1. That girl you're going to date in 9th grade? Don't break up with her. You get back together with her after a year of dry spell and end up marrying her anyway.
2. When riding motorcycles, REAL LEATHER jacket. Picking melted poly out of you arm hurts.
3. Maybe get in shape BEFORE basic training.
4. Oh yeah, stop laughing and making fun of recruiters. He who laughs last...
5. ...Then again, save up for college. Your parents paying for that? Yeah, they went to Hawaii for a second honeymoon six months before your freshmen year was SUPPOSED to start.
6. But then you'll miss out on that year of Zero responsibility between high school and army, where all you'll do is get drunk on the overnight shift at work and party real real hard. Your call Brony.
7. ...Yeah, you might not want to make fun of Bronies before watching the show too.
I would definitely tell my past self to invest in Apple or something, despite the fact that I wouldn't know how the stock market worked as a kid.
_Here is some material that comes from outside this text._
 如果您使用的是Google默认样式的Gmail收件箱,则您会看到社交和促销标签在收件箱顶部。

I would also bring up every big event that is supposed to happen from 2000-2012, in order to become famous as some sort of prophecy-bearer, unless me knowing changes the course of all of them in the first place.
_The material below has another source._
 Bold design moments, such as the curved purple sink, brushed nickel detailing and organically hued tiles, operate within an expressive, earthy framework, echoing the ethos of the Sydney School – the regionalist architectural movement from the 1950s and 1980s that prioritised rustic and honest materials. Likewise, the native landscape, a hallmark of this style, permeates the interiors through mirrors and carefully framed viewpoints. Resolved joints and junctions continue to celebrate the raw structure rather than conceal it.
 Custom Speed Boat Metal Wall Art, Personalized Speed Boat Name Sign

Also, I'd tell little me to work hard in elementary school. My Grade 2 results haven't fared well at job interviews![]()
I used to just level up Charmander and use Ember on Brock, then get a Bellsprout for Misty. Those were the days.
Okay, I'm sorry for derailing the thread. Back on topic
I wish I could pass all my knowledge to my past self and be a prodigy
This post brought to you by the power of boobs. Dear lord them boobs. Amen
1) Wear tighter pants to your lit class in Spring 2008. Or maybe it was Fall 2007. The one with the hot lecturer.
2) Just do college right. God you moron.
Signature by rubah. I think.
Just wear tight pants in general, past foa.